SUPPLIED DATA:
* * * * *

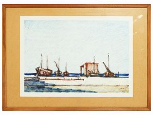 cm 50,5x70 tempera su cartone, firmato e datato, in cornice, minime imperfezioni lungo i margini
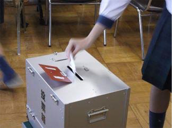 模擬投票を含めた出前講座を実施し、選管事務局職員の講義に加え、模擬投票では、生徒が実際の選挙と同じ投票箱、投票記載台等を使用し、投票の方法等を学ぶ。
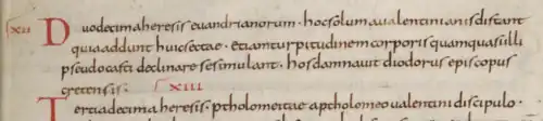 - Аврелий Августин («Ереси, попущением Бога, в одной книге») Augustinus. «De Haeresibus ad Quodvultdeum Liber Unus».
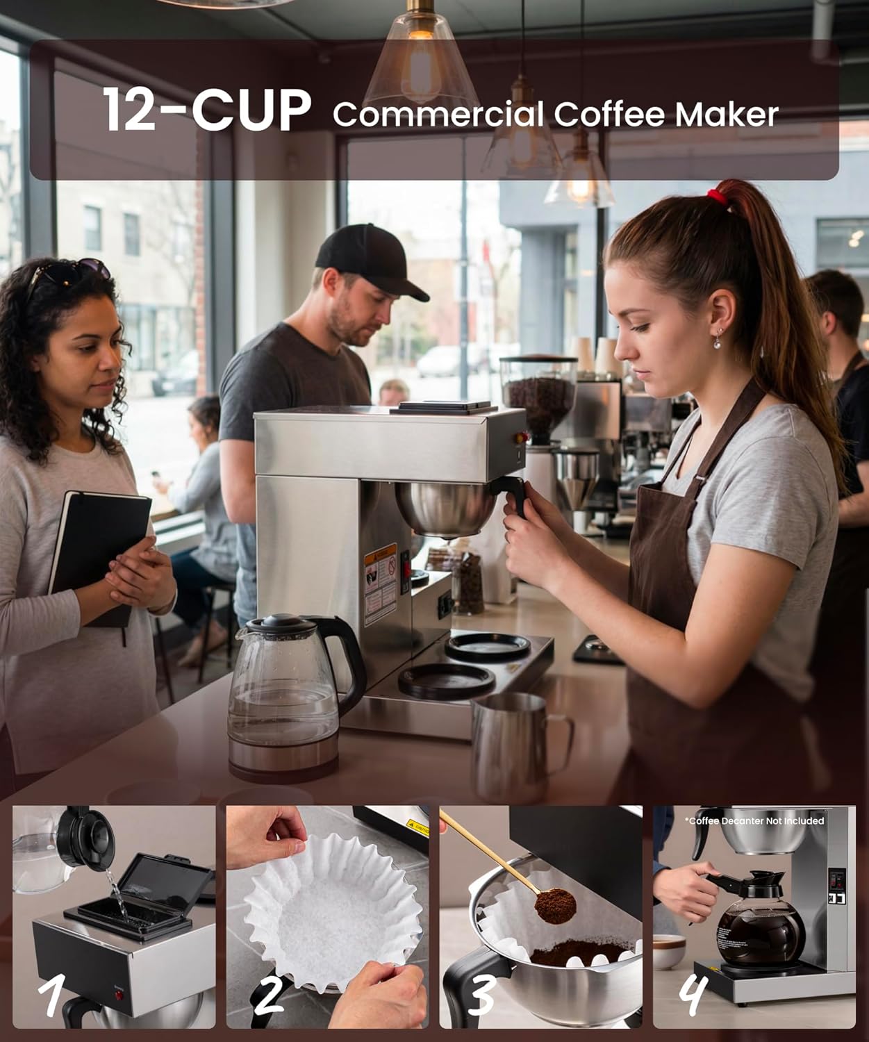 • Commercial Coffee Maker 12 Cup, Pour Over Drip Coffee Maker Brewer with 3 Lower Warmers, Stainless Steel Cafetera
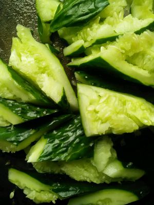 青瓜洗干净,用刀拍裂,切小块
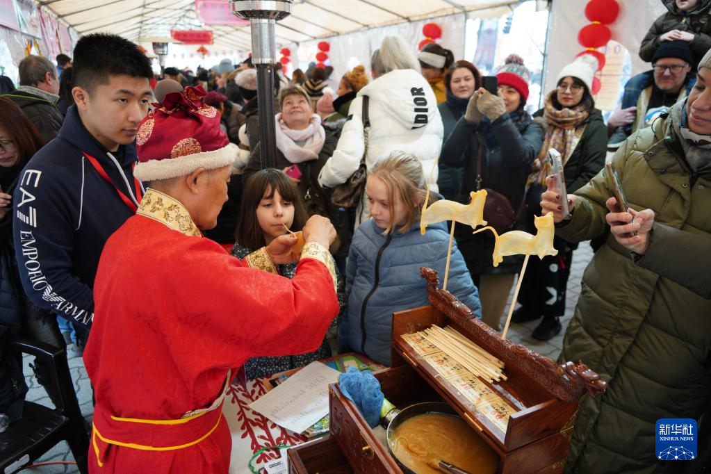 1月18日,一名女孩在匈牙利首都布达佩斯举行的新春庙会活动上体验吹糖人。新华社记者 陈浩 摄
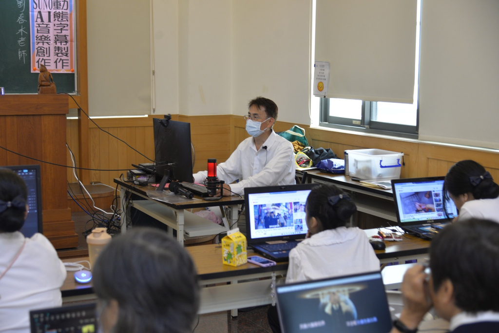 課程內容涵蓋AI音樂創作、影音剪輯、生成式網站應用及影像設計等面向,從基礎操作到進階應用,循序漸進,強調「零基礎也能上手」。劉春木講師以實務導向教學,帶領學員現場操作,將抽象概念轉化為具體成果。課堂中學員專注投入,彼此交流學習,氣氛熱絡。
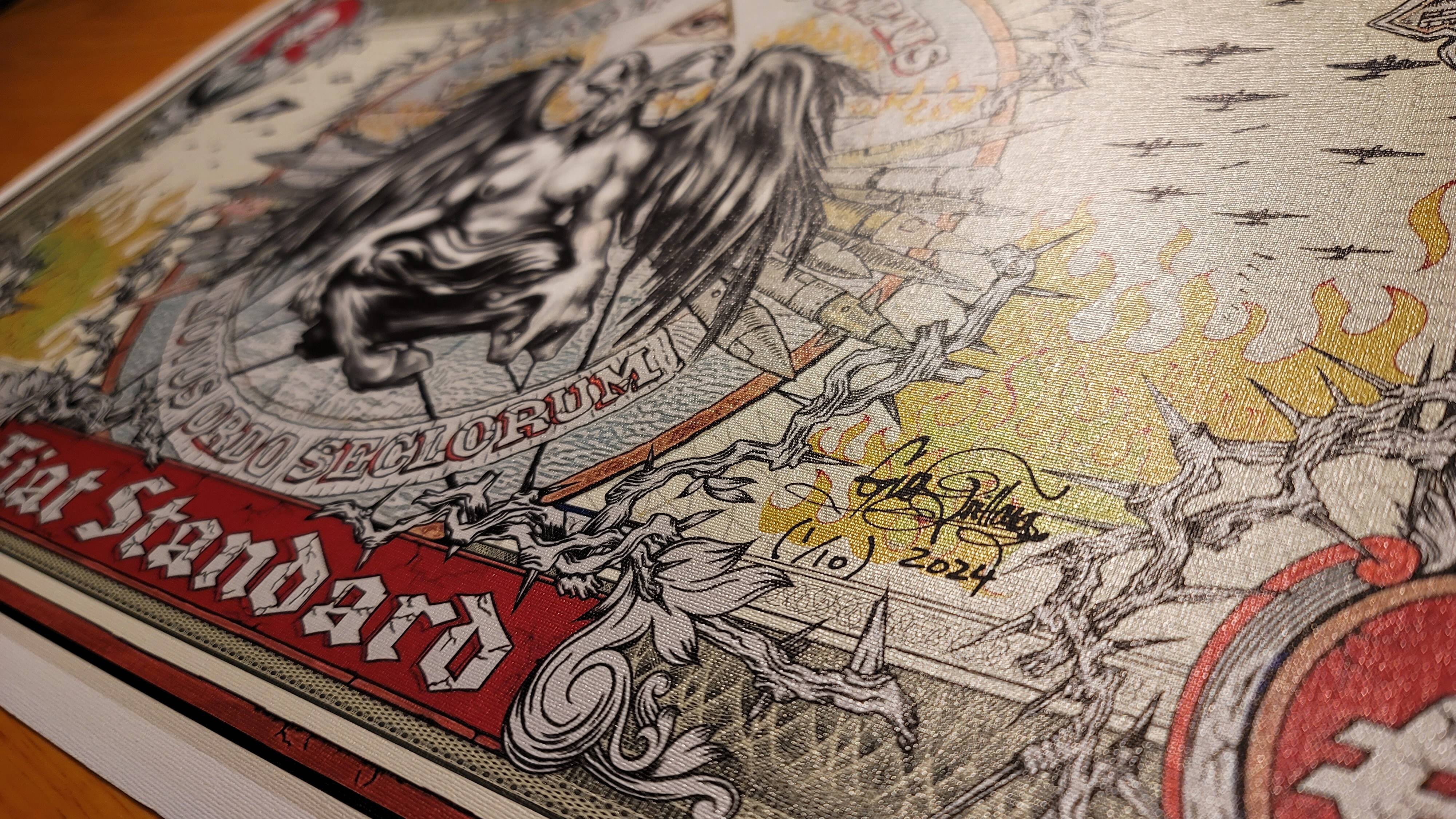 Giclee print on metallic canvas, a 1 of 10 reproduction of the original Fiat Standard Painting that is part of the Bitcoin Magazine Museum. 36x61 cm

* * * * *

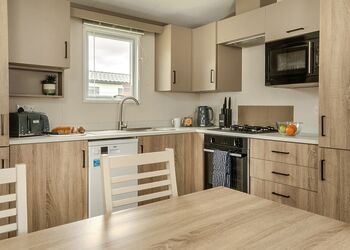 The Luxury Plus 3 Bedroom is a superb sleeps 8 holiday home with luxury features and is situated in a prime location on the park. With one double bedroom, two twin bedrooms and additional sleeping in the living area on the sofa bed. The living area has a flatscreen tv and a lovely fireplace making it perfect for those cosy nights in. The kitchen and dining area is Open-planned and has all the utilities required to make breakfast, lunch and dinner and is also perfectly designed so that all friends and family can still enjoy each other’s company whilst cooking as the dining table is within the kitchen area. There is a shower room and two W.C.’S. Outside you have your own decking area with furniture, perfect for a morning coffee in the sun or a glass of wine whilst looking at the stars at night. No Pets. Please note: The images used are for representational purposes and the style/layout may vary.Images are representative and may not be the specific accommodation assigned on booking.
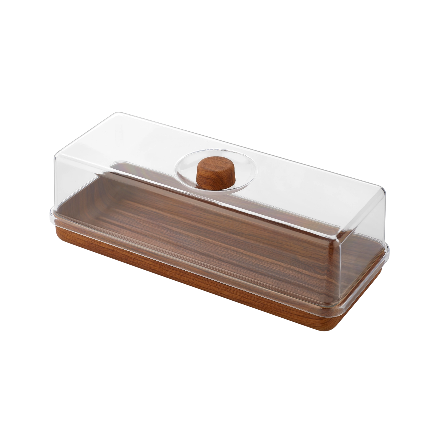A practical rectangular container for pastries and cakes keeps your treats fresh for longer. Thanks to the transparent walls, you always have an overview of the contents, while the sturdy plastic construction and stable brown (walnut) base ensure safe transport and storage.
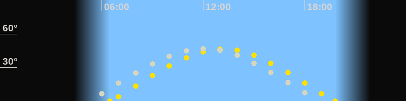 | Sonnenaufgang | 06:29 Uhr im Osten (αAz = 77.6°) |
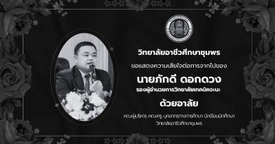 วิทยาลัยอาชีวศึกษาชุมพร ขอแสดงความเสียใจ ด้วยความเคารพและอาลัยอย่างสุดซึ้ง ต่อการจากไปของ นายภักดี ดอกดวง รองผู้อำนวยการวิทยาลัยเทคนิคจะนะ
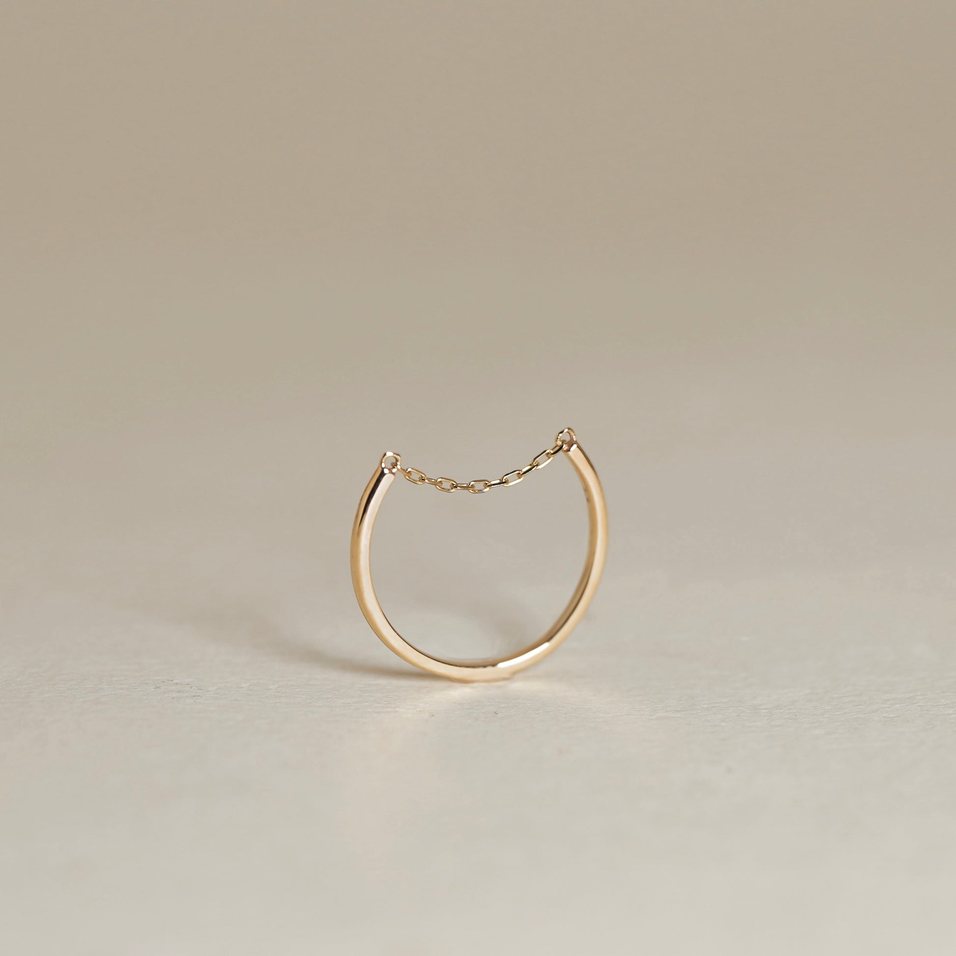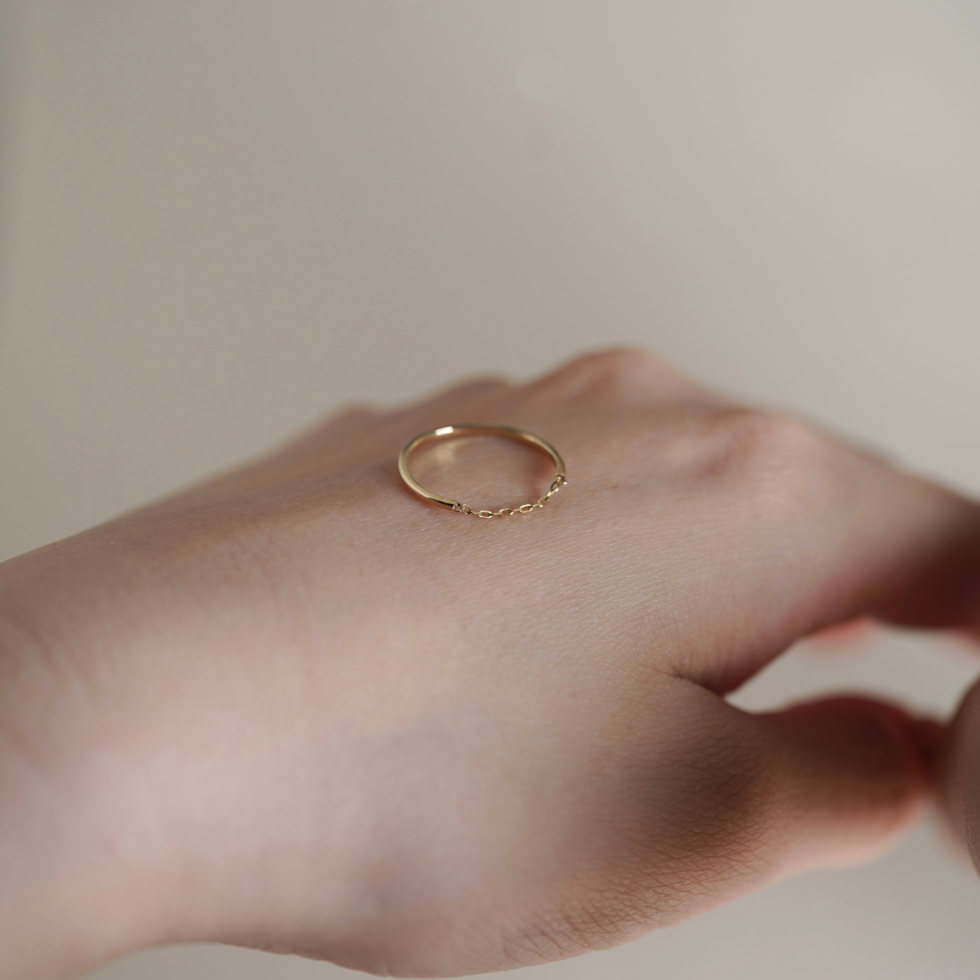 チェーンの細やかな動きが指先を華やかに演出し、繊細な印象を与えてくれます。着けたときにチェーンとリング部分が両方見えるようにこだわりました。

* * * * *

WORK ITEM:
Return exactly the lines that appear in the data above between the line containing "cm 50,5x70 tempera" and the line containing "Giclee print on", both of which are included, and leave the pictures out.

RESULT:
 cm 50,5x70 tempera su cartone, firmato e datato, in cornice, minime imperfezioni lungo i margini
 模擬投票を含めた出前講座を実施し、選管事務局職員の講義に加え、模擬投票では、生徒が実際の選挙と同じ投票箱、投票記載台等を使用し、投票の方法等を学ぶ。
 - Аврелий Августин («Ереси, попущением Бога, в одной книге») Augustinus. «De Haeresibus ad Quodvultdeum Liber Unus».
 • Commercial Coffee Maker 12 Cup, Pour Over Drip Coffee Maker Brewer with 3 Lower Warmers, Stainless Steel Cafetera
 青瓜洗干净,用刀拍裂,切小块
 1月18日,一名女孩在匈牙利首都布达佩斯举行的新春庙会活动上体验吹糖人。新华社记者 陈浩 摄
 課程內容涵蓋AI音樂創作、影音剪輯、生成式網站應用及影像設計等面向,從基礎操作到進階應用,循序漸進,強調「零基礎也能上手」。劉春木講師以實務導向教學,帶領學員現場操作,將抽象概念轉化為具體成果。課堂中學員專注投入,彼此交流學習,氣氛熱絡。
 Giclee print on metallic canvas, a 1 of 10 reproduction of the original Fiat Standard Painting that is part of the Bitcoin Magazine Museum. 36x61 cm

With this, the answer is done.